Problem: Starting at the top of the records below, write out each line exactly as it stands, stopping after the line with "In cities, dropped"; exclude the pictures.

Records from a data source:
# # #
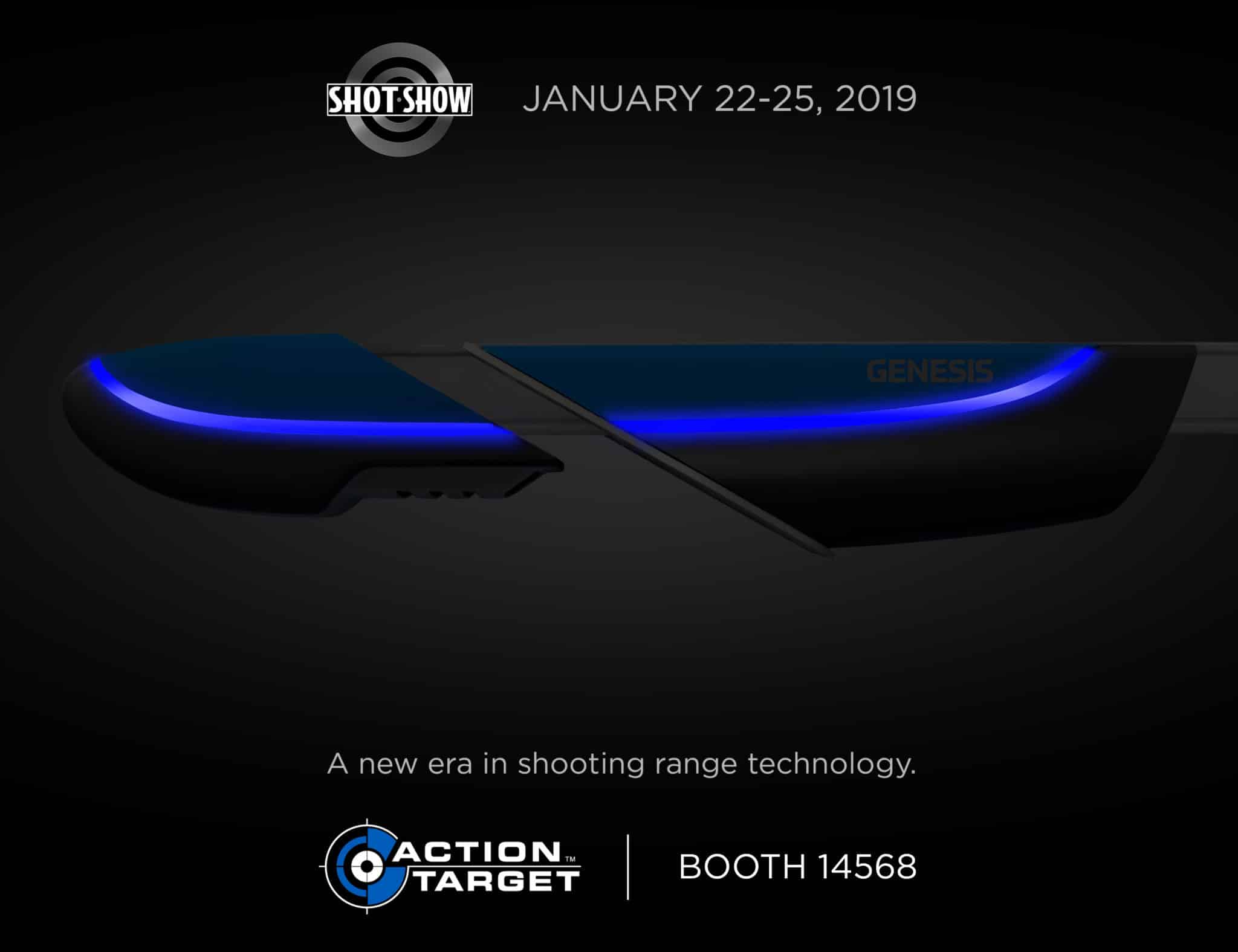 Action Target Shot Show 2019 promo featuring new shooting range technology and booth details.
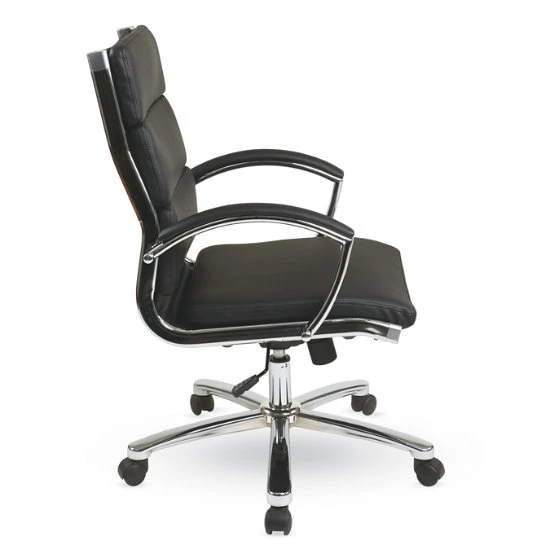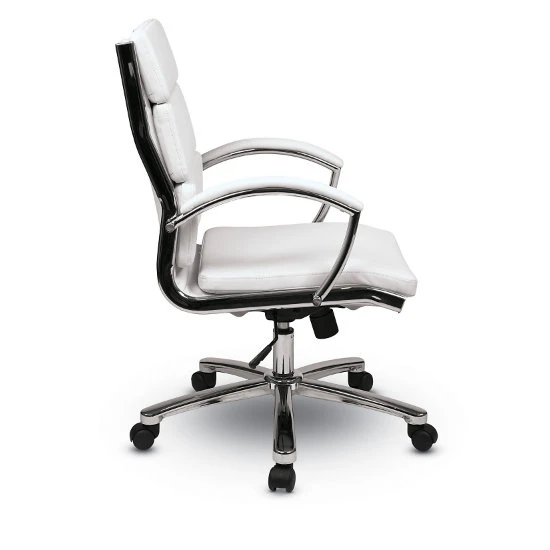 - Heavy-duty chrome finished base with dual-wheel carpet casters.
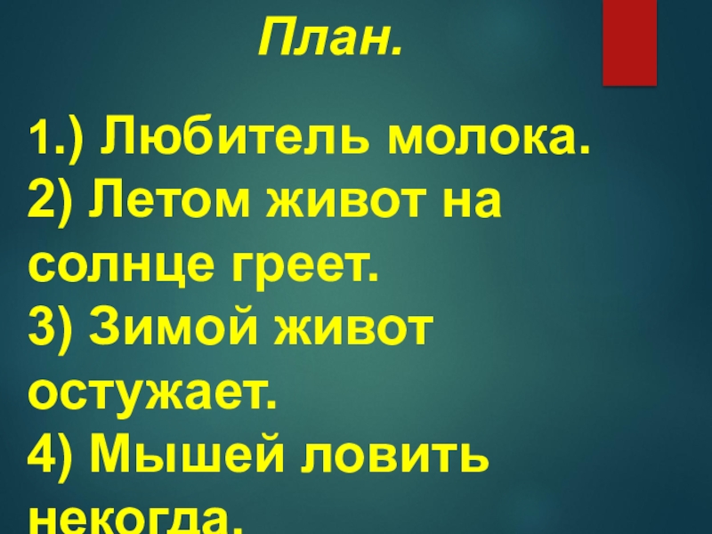 План. 1.) Любитель молока. 2) Летом живот на солнце греет. 3) Зимой живот остужает. 4) Мышей ловить
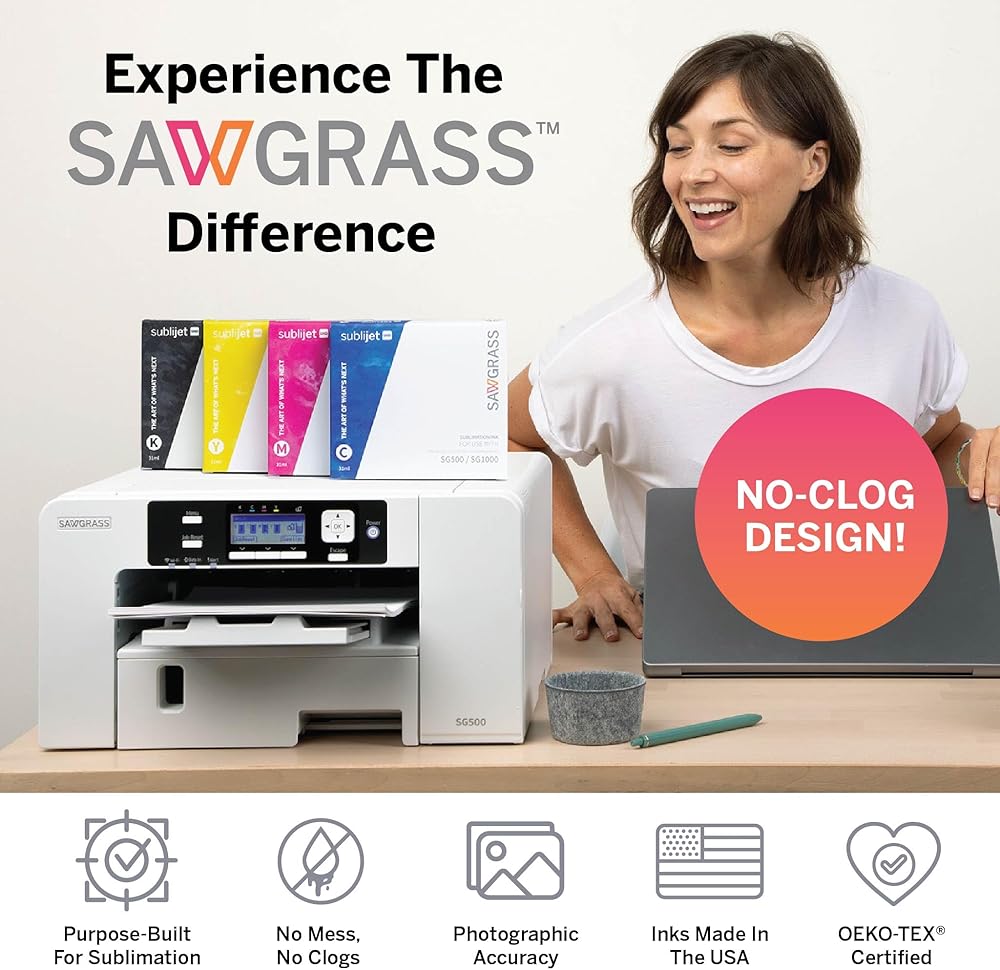 Professional-Grade Print Quality: The Sawgrass SG500 delivers professional-grade sublimation printing, perfect for creating custom t-shirts, drinkware, signage, and promotional products; Ideal for small businesses and home-based entrepreneurs who demand vibrant, high-definition results
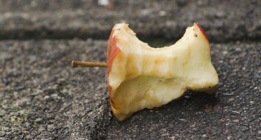 In cities, dropped food — like this apple core — can feed a variety of pests, including disease-carrying rats and pigeons. Fortunately, bugs — including the pavement ant — can make quick work of such food wastes. And that can keep cities clean.
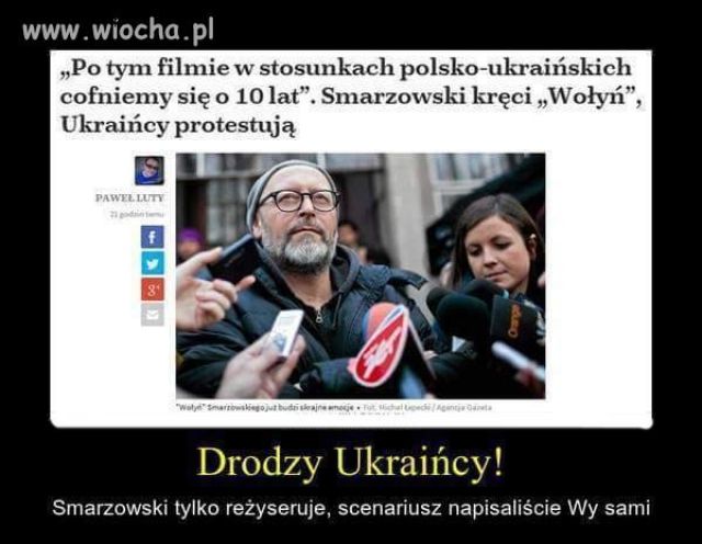 kindzal Napisano 7 Sierpień 2013 Napisano 7 Sierpień 2013 Wojciech Smarzowski przygotowuje kolejny projekt - historię, dla której tłem byłoby ludobójstwo na Kresach. Na razie napisałem treatment, zaraz wezmę się za scenariusz, ale do tego czy ten film powstanie czy nie, jeszcze długa droga" - mówił twórca Drogówki" w radiowej Jedynce- Nie zawężał bym tego tylko do Wołynia. To dość istotne dla mnie i dla Kresowiaków. Chciałbym, żeby film dotyczył całych Kresów. Akcja zaczynałaby się jeszcze przed wojną, a kończyła w 1943-44 roku. A nawet później, bo epilog to byłby już rok 1945, kiedy wypędzeni opuszczają Kresy – mówił w JedynceWojciech Smarzowski.- To nie będzie czarno-biała historia. Rozdzielam Banderowców od Ukraińców. Będzie tam również o akcjach odwetowych Polaków. Ten film będzie uwierał. Przede mną też dość duże wyzwanie - jak pokazać, żeby nie pokazać, bo to są okropne rzeczy, które się tam wydarzyły - zapowiada znany reżyser.Twórcę Domu złego" zainspirowały archiwalne, czarno-białezdjęcia, które znalazł w sieci. - Jak wpiszemy w internecie hasło zeź wołyńska" czy ludobójstwo na Kresach" zawsze wyskakują nam te same zdjęcia. Chciałbym kilka z nich ożywić, to znaczy zrobić wokół nich sceny, odnieść się do konkretu - mówił Smarzowski, który początkowo chciał zaprosić do współpracy ukraińskiego reżysera i oddać mu połowę filmu. -Dla idei byłoby to bardzo fajne. Dla filmu też, ale pod warunkiem, że po stronie ukraińskiej byłby odpowiedni reżyser. Jeżdżę po różnych festiwalach i gdyby był jakiś dobry reżyser z Ukrainy, to bym go znał - stwierdził.Wojciech Smarzowski (rocznik 1963) to jeden z najbardziej cenionych polskich reżyserów filmowych i teatralnych, wielokrotnie nagradzany twórca Wesela", Domu złego", Róży" i Drogówki". Właśnie kończy pracę nad filmem Pod Mocnym Aniołem" na podstawie powieści Jerzego Pilcha.http://www.kresy.pl/wydarzenia,ukraina?zobacz/wojciech-smarzowski-nakreci-film-o-rzezi-wolynskiej
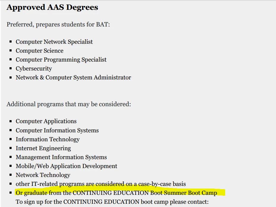My college required me to take a Continuing Education Bootcamp that they were offering before I could be accepted into a Bachelor's Cybersecurity program. Their reasoning for this is because the 2 Associate degrees that I already held were not listed on their list of "pre-approved AAS degrees".
# # #
Response area:
 Action Target Shot Show 2019 promo featuring new shooting range technology and booth details.
 - Heavy-duty chrome finished base with dual-wheel carpet casters.
 План. 1.) Любитель молока. 2) Летом живот на солнце греет. 3) Зимой живот остужает. 4) Мышей ловить
 Professional-Grade Print Quality: The Sawgrass SG500 delivers professional-grade sublimation printing, perfect for creating custom t-shirts, drinkware, signage, and promotional products; Ideal for small businesses and home-based entrepreneurs who demand vibrant, high-definition results
 In cities, dropped food — like this apple core — can feed a variety of pests, including disease-carrying rats and pigeons. Fortunately, bugs — including the pavement ant — can make quick work of such food wastes. And that can keep cities clean.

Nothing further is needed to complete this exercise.